Martin RosemannSPD - Absicherung von Selbständigen
Herr Präsident! Meine Damen und Herren! Liebe Kolleginnen und Kollegen von den Grünen, ich will Ihnen zuerst einmal sagen: Ich finde, Ihr Antrag beschreibt ein wichtiges und relevantes Handlungsfeld. Ich glaube, wir müssen die soziale Sicherung von Selbstständigen in Deutschland verbessern. Das gilt insbesondere für die soziale Sicherung im Alter; denn Selbstständigkeit bedeutet heutzutage eben nicht mehr unbedingt hohe Einkommen oder große Vermögen. Die Grenzen zwischen abhängiger Beschäftigung und Selbstständigkeit sind fließender geworden.
(Maria Klein-Schmeink [BÜNDNIS 90/DIE GRÜNEN]: Genau!)
Die Übergänge zwischen abhängiger Beschäftigung und Selbstständigkeit und auch umgekehrt sind häufiger geworden. Sie werden angesichts von Arbeit 4.0 in Zukunft noch weiter zunehmen.
Ich finde auch, dass Ihr Antrag durchaus einige wertvolle Elemente enthält.
(Brigitte Pothmer [BÜNDNIS 90/DIE GRÜNEN]: Wow!)
Beispielsweise wollen Sie – das will ich ausdrücklich unterstützen – keine neue Trennlinie zwischen Solo-Selbstständigen und anderen Selbstständigen einziehen; denn das wäre praktisch nicht umsetzbar und würde zu neuen Wettbewerbsverzerrungen zwischen unterschiedlichen Formen der Selbstständigkeit führen.

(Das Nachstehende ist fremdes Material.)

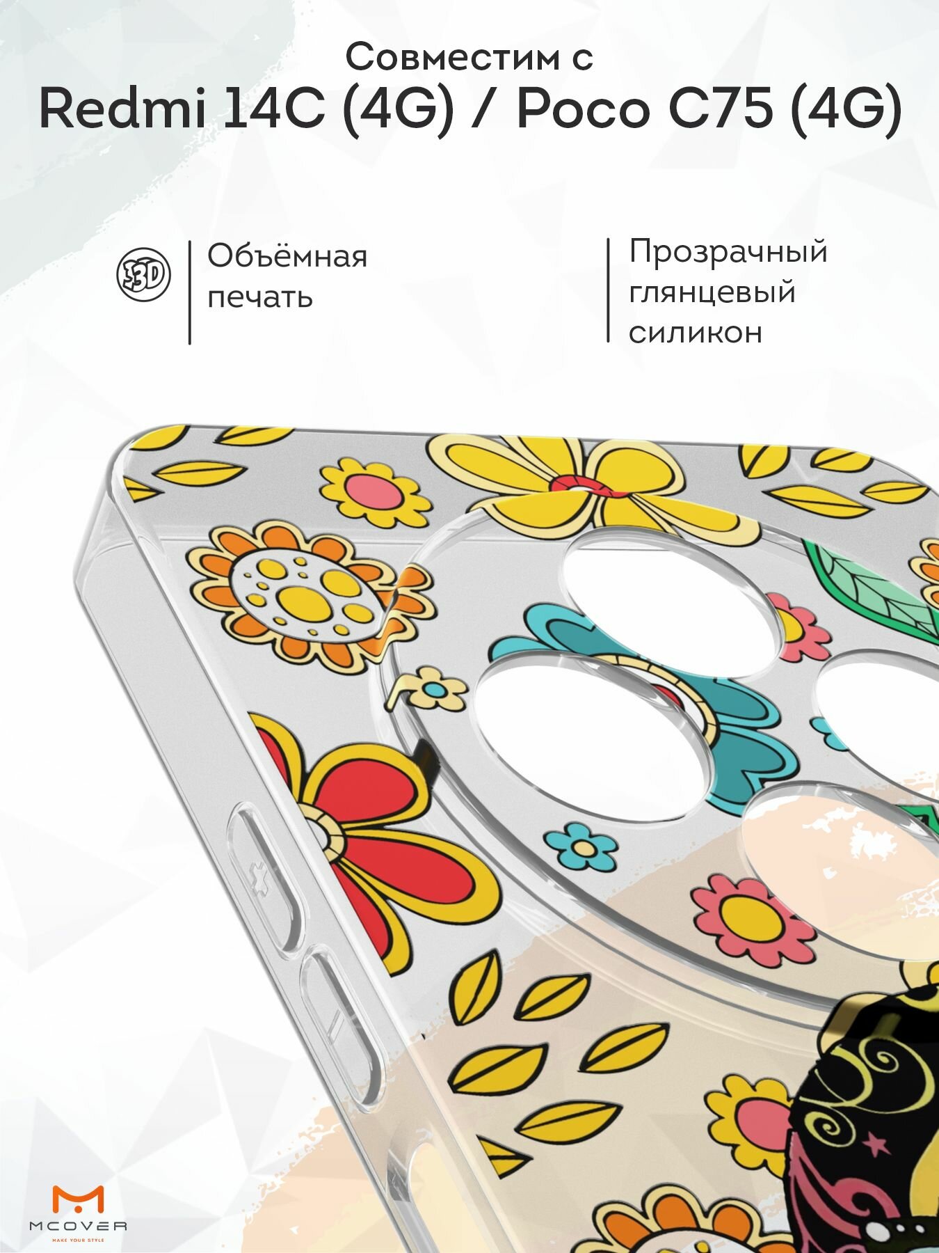 Силиконовый чехол Mcover на Redmi 14C (4G)/Poco C75 (4G), с принтом Кот в цветочном поле 530 ₽
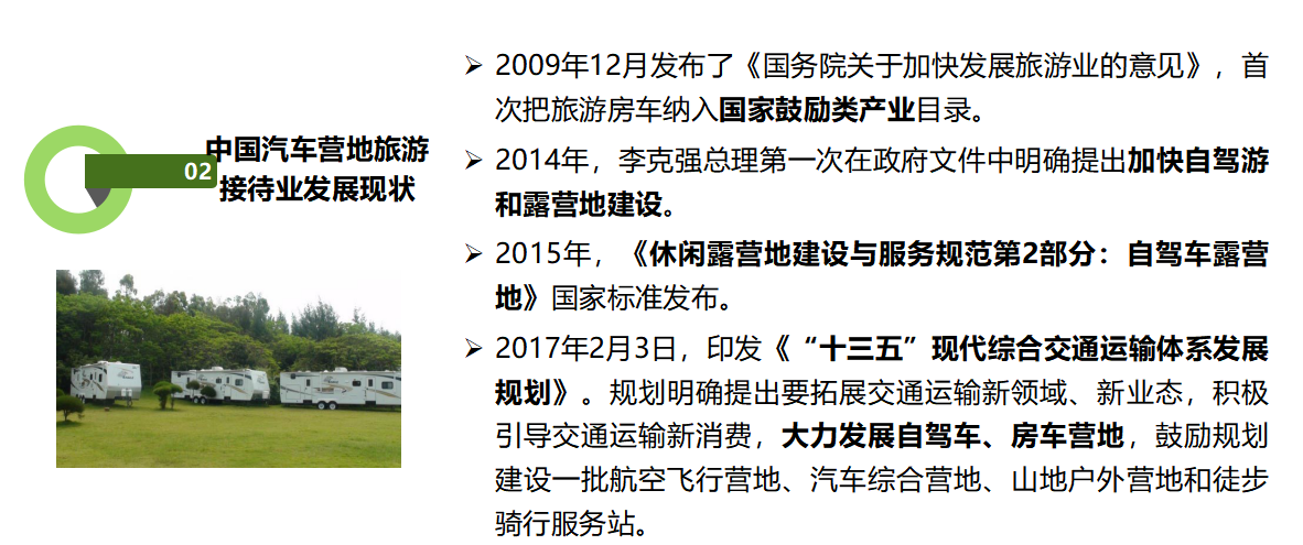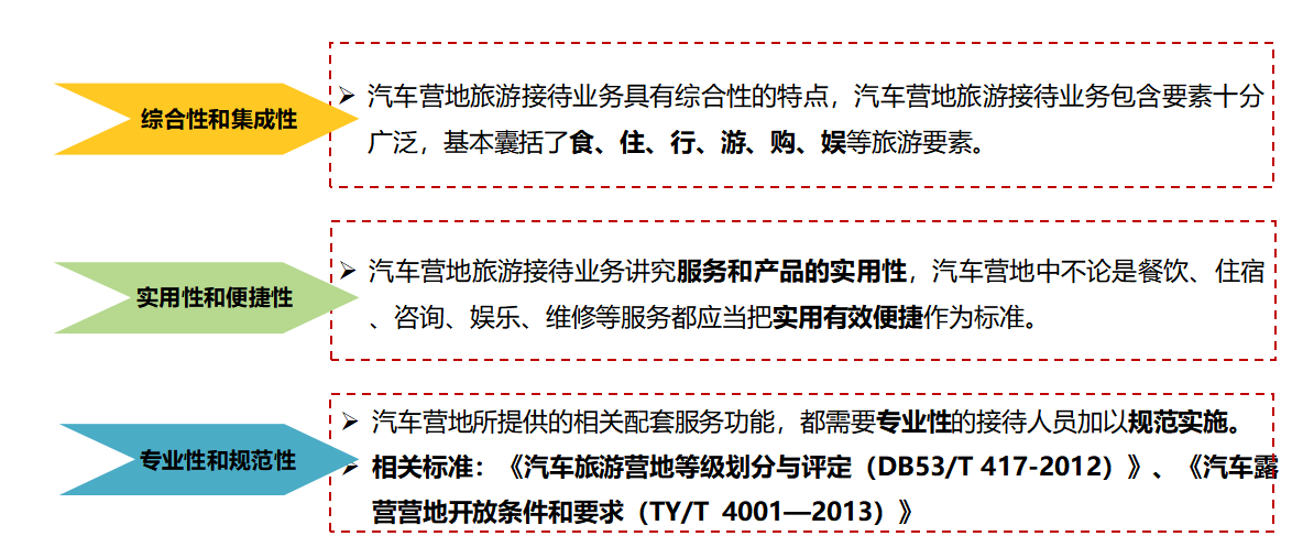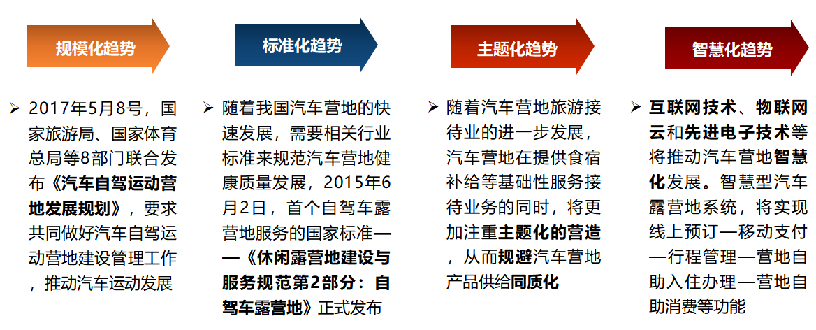 按照自驾车型划分,包括普通汽车营位、自行式房车营位、拖挂式房车营位等三种类型。

Positiv finde ich auch die vorgeschlagenen Entlastungen, insbesondere im Bereich der Krankenversicherungsbeiträge. Insoweit entspricht Ihr Antrag auch dem Konzeptpapier „Neue Zeiten in der Arbeitswelt – soziale Absicherung für (Solo-)Selbstständige verbessern“, das die SPD-Bundestagsfraktion vor zwei Wochen beschlossen hat. Michael Gerdes hat darauf hingewiesen.
(Beifall bei der SPD)
Aber ich will Ihnen auch sagen: Ihr Antrag bleibt hinsichtlich der konkreten Ausgestaltung weit hinter dem Konzeptpapier zurück;
(Maria Klein-Schmeink [BÜNDNIS 90/DIE GRÜNEN]: Wo?)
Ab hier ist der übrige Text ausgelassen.